Minutiae-Guided Fingerprint Embeddings via Vision Transformers
This work addresses the problem of efficient and accurate fingerprint recognition for security and identification applications, representing an incremental improvement by combining CNNs and ViTs.
The paper tackles fingerprint recognition by proposing the first use of a Vision Transformer to learn fixed-length embeddings, achieving a TAR of 94.23% at FAR=0.1% on the NIST SD 302 dataset, which is close to a commercial SOTA matcher at 96.71%, while enabling much faster matching speeds of 2.5 million matches per second.

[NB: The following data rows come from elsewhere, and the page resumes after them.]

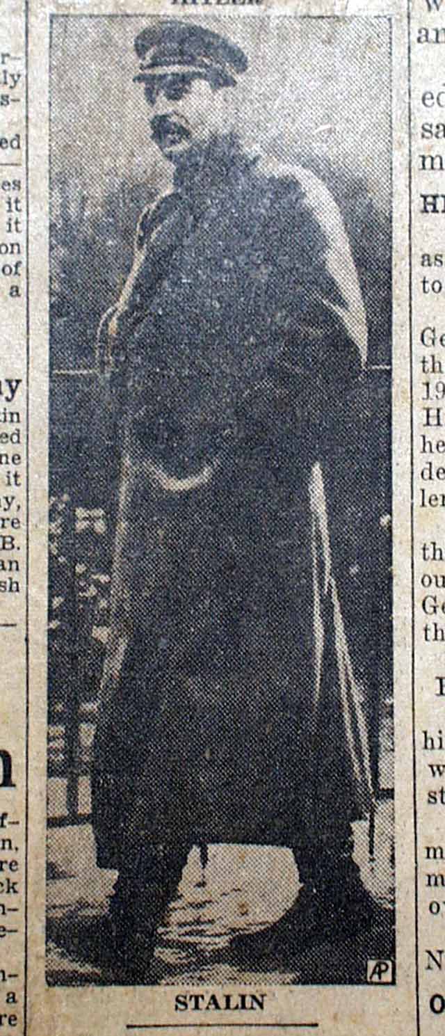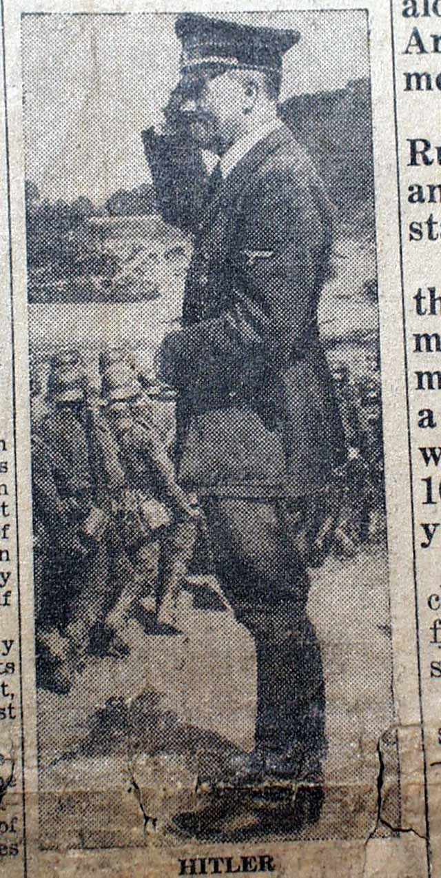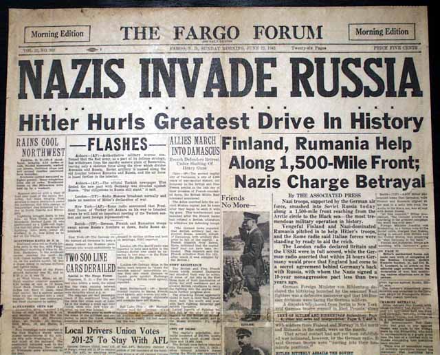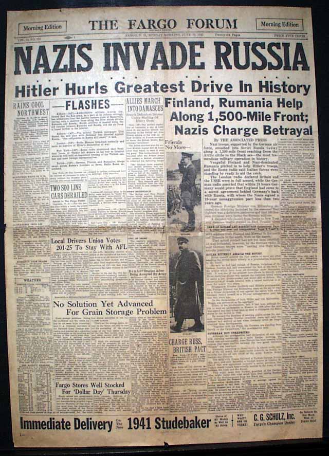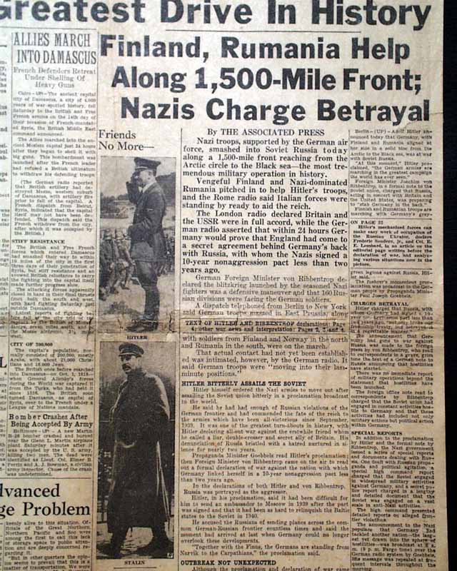 The front page has a dramatic banner headline: "NAZIS INVADE RUSSIA", with subheads: "Hitler Hurls Greatest Drive in History" and "Finland, Rumania Help Along 1,500-Mile Front; Nazis Charge Betrayal", with supporting text. Also included are photos of both Adolf Hitler and Joseph Stalin.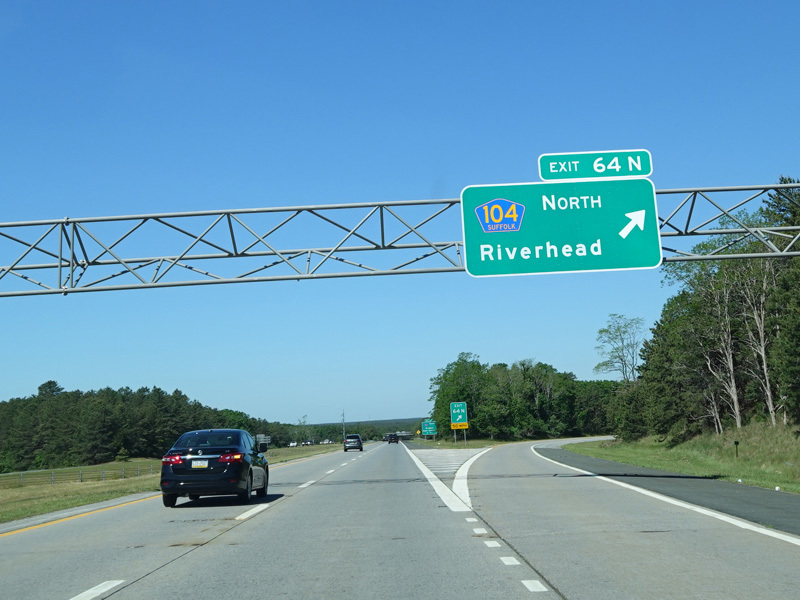 Exits 64N-S are for Quogue-Riverhead Road (CR 104).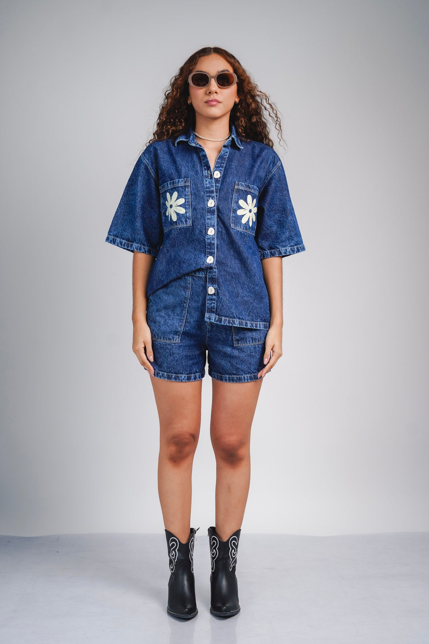 Set de camisa y short en denim azul, ideal para un look fresco y actual.La camisa de manga corta presenta... Leer más...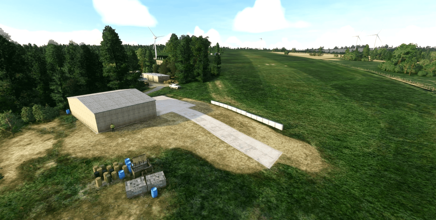 I’ve added fencing, vegetation, the hangar to start in, a few buildings and a bit of replacement ground. I’m not too sure about the runway gradient, it seems a bit linear, so I may return to it.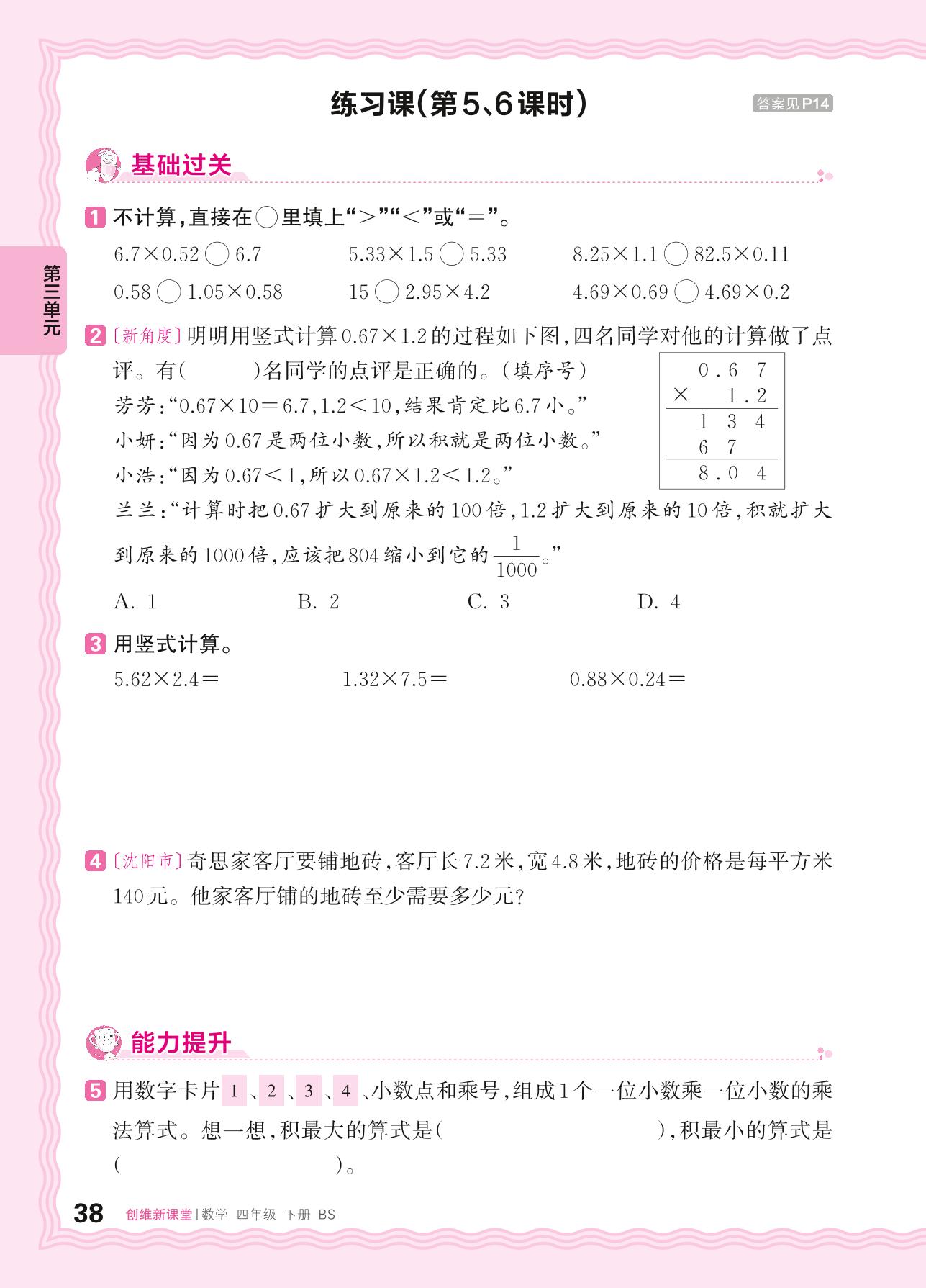 2024春下册四年级数学北师版 第三单元 小数乘法——包装、蚕丝练习课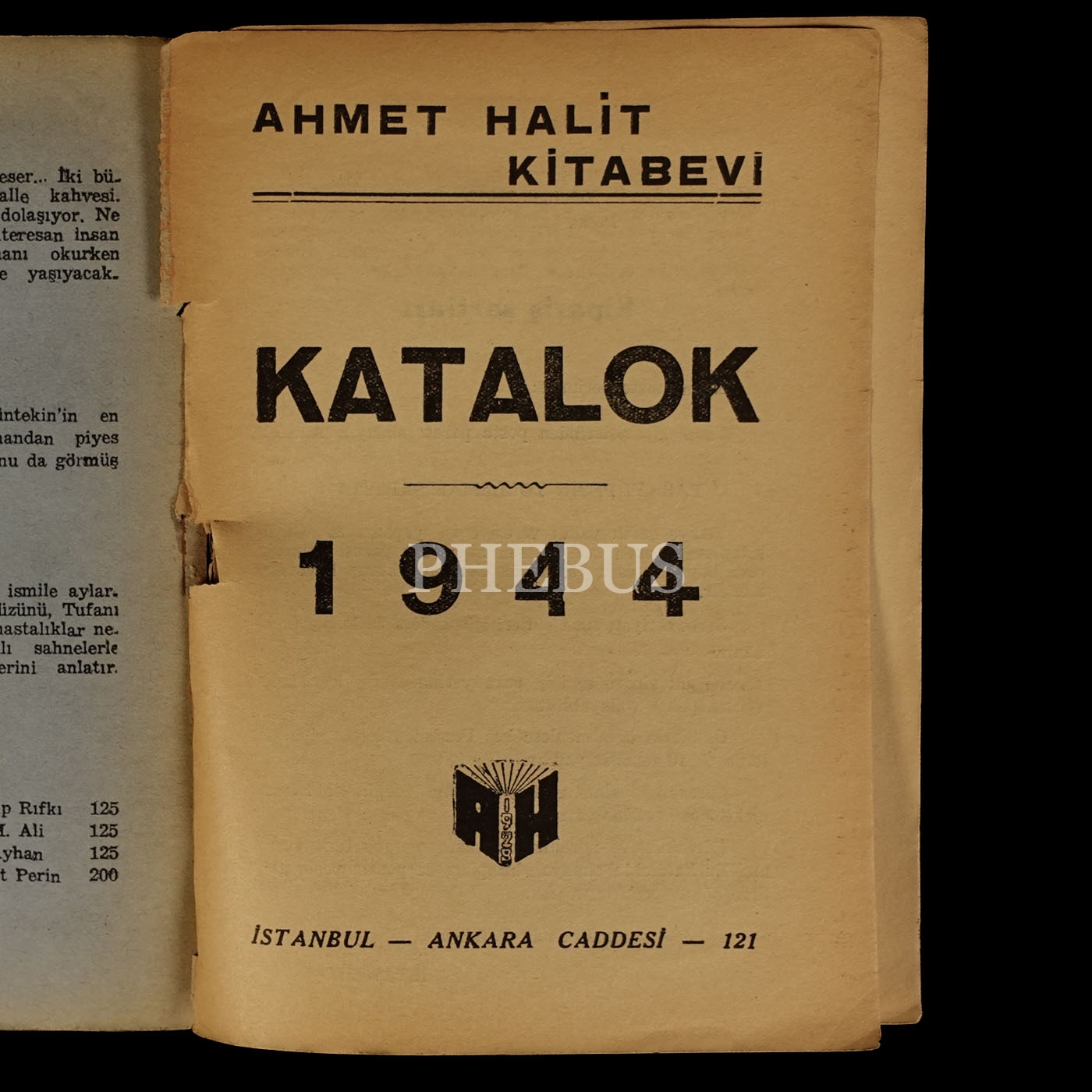 KATALOK 1944, Ahmet Halit Kitabevi, Yeni Sabah Matbaası, 32 sayfa, 14x20 cm...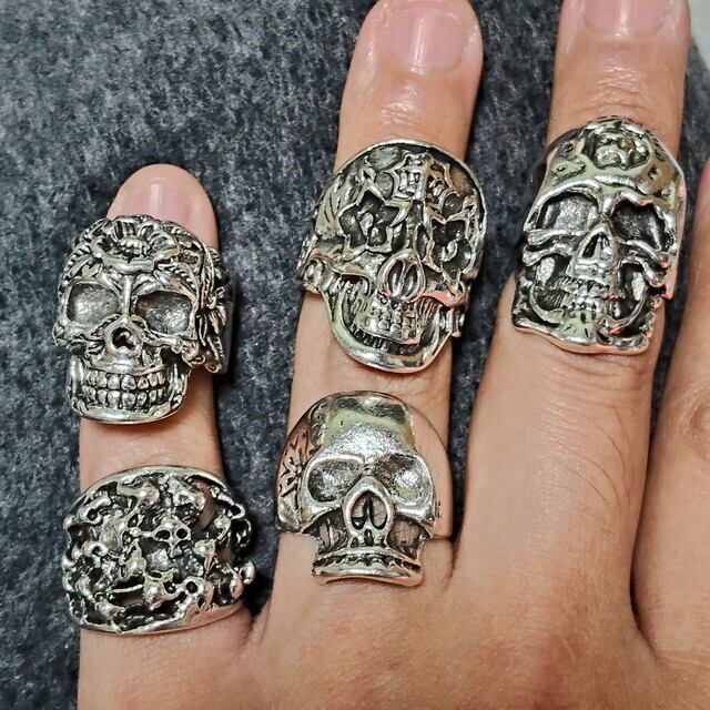 指輪 デザインリング ドクロ 骸骨 スカル スケルトン ファッションリング アクセサリー パンク ロック メキシカン バイカー ゴシック レトロ ヒップホップ 迫力 重厚 メンズ レディース ユニセックス 新品未使用品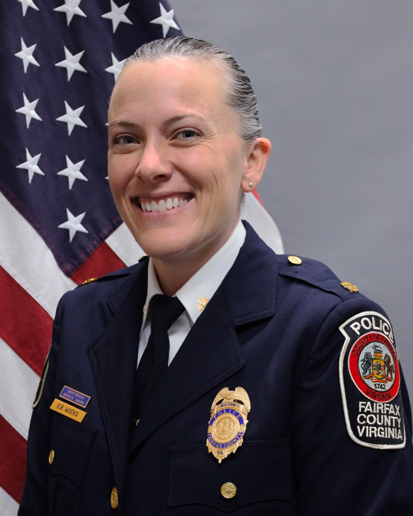 Major Weeks earned her bachelor’s degree from Radford University and completed professional training programs such as International Association of Chief’s of Police’s (IACP) Leadership in Police Organization training, IACP Women’s Leadership Institute, FCPD’s Commander College and the DC Police Leadership Academy.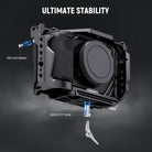 •  Secure Installation Via Two Points-  Firmly lock the camera through a 1/4" bottom screw and an anti twist pin. A nonslip rubber pad protects the camera from scratches. Use the double head screwdriver under the cage to tighten all the screws for reassuringly secure installation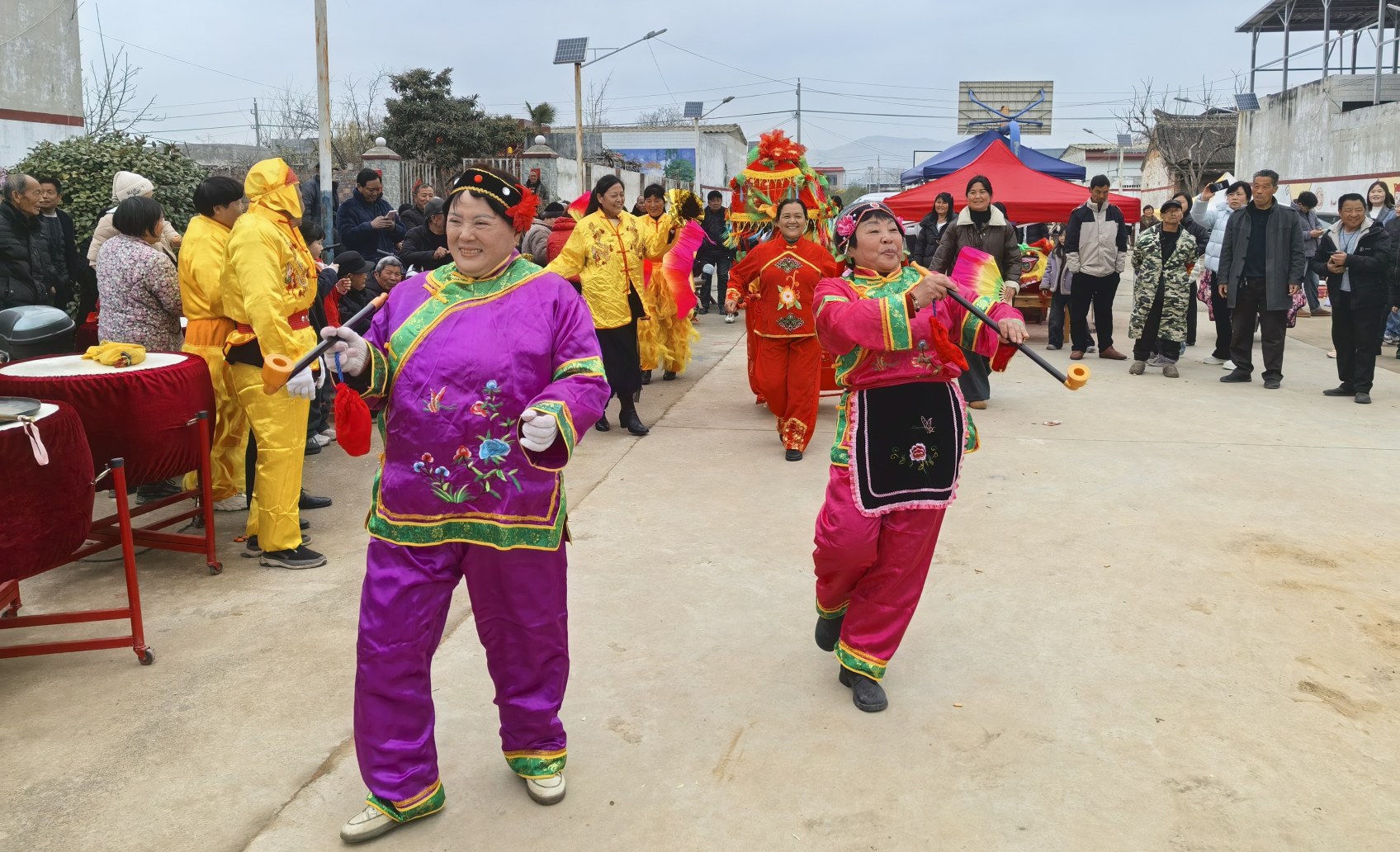 當(dāng)天是村里一年一度的傳統(tǒng)廟會(huì)。伴隨著鏗鏘的鑼鼓聲,舞龍隊(duì)伍從村口騰躍而來(lái),金鱗在陽(yáng)光下閃閃發(fā)光;秧歌隊(duì)的大娘們踩著鼓點(diǎn)扭得歡實(shí),紅綢帶甩得噼啪響。孩子們舉著糖葫蘆在人群里鉆來(lái)鉆去,叫賣聲、談笑聲、鑼鼓聲混合在一起,把這個(gè)千年古村攪得熱氣騰騰。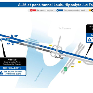 • Fermeture complète de la bretelle menant de l’autoroute 40 ouest vers l’autoroute 25 sud.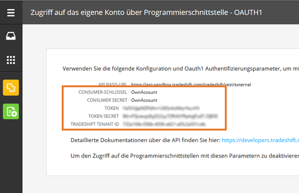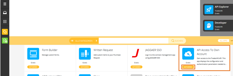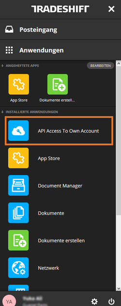 API in Tradeshift Account App Store aktivieren und API Daten einsehen.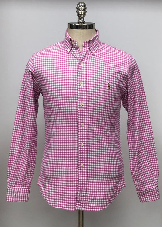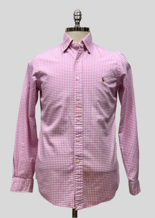 Camisa Polo Ralph Lauren 🏇🏼 Oxford con patron de cuadros gingham rosado y blanco Talla S Entalle Slim Fit
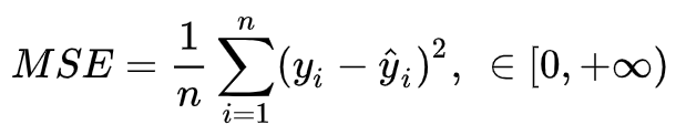 均方误差(MSE)为实际值与预测值的差值取平方求平均。其中y是实际值,y^ 是预测值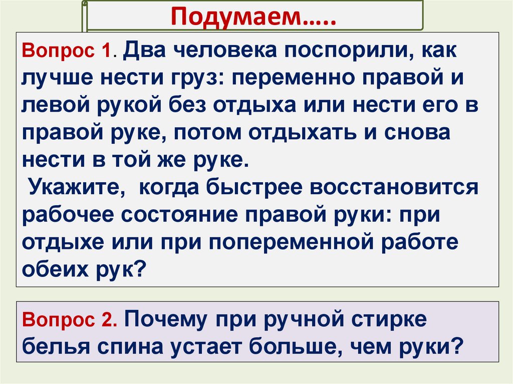 Подумаем…..Вопрос 1. Два человека поспорили, как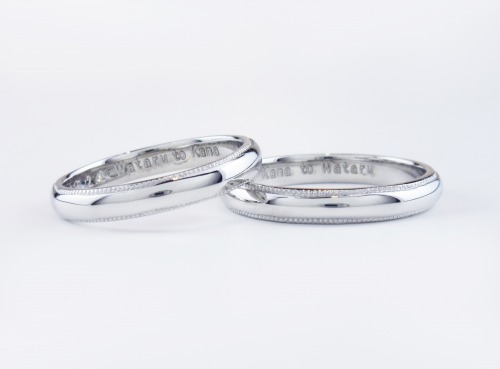 シンプルな結婚指輪。指輪上下にミル打ち加工を施しています。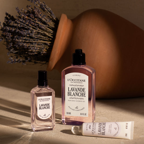 Redescopera Apa de Toaleta Lavande Blanche, reinventata cu un design nou, modern si minimalist, care reflecta patrimoniul cultural al Maison L’Occitane en Provence.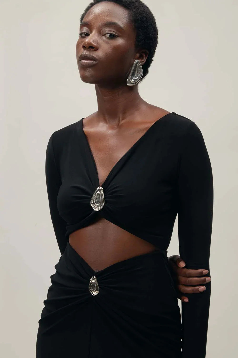 Introducing the "Fiore Maxi Dress" in Ombra – a maxi dress featuring a deep V-neckline, front cutouts, and a Baobab-shaped embellishment. Designed with a V-shaped waistband, ruched detailing, and a front slit. Partially lined for a fluid silhouette.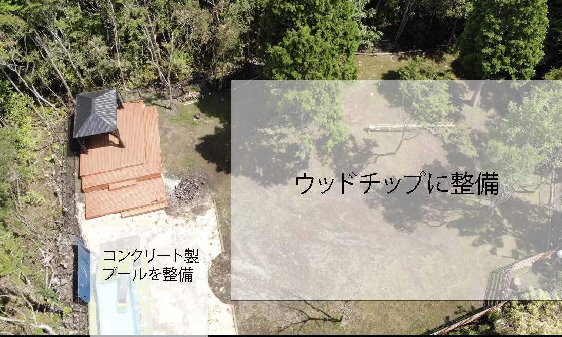 ※今回のクラウドファンディングで全額集まらなかった場合は、プールの大きさの縮小(270m×450cm)、ウッドチップラ ンの整備は中止といたします。

Minutiae matching has long dominated the field of fingerprint recognition. However, deep networks can be used to extract fixed-length embeddings from fingerprints. To date, the few studies that have explored the use of CNN architectures to extract such embeddings have shown extreme promise. Inspired by these early works, we propose the first use of a Vision Transformer (ViT) to learn a discriminative fixed-length fingerprint embedding. We further demonstrate that by guiding the ViT to focus in on local, minutiae related features, we can boost the recognition performance. Finally, we show that by fusing embeddings learned by CNNs and ViTs we can reach near parity with a commercial state-of-the-art (SOTA) matcher. In particular, we obtain a TAR=94.23% @ FAR=0.1% on the NIST SD 302 public-domain dataset, compared to a SOTA commercial matcher which obtains TAR=96.71% @ FAR=0.1%. Additionally, our fixed-length embeddings can be matched orders of magnitude faster than the commercial system (2.5 million matches/second compared to 50K matches/second). We make our code and models publicly available to encourage further research on this topic: https://github.com/tba.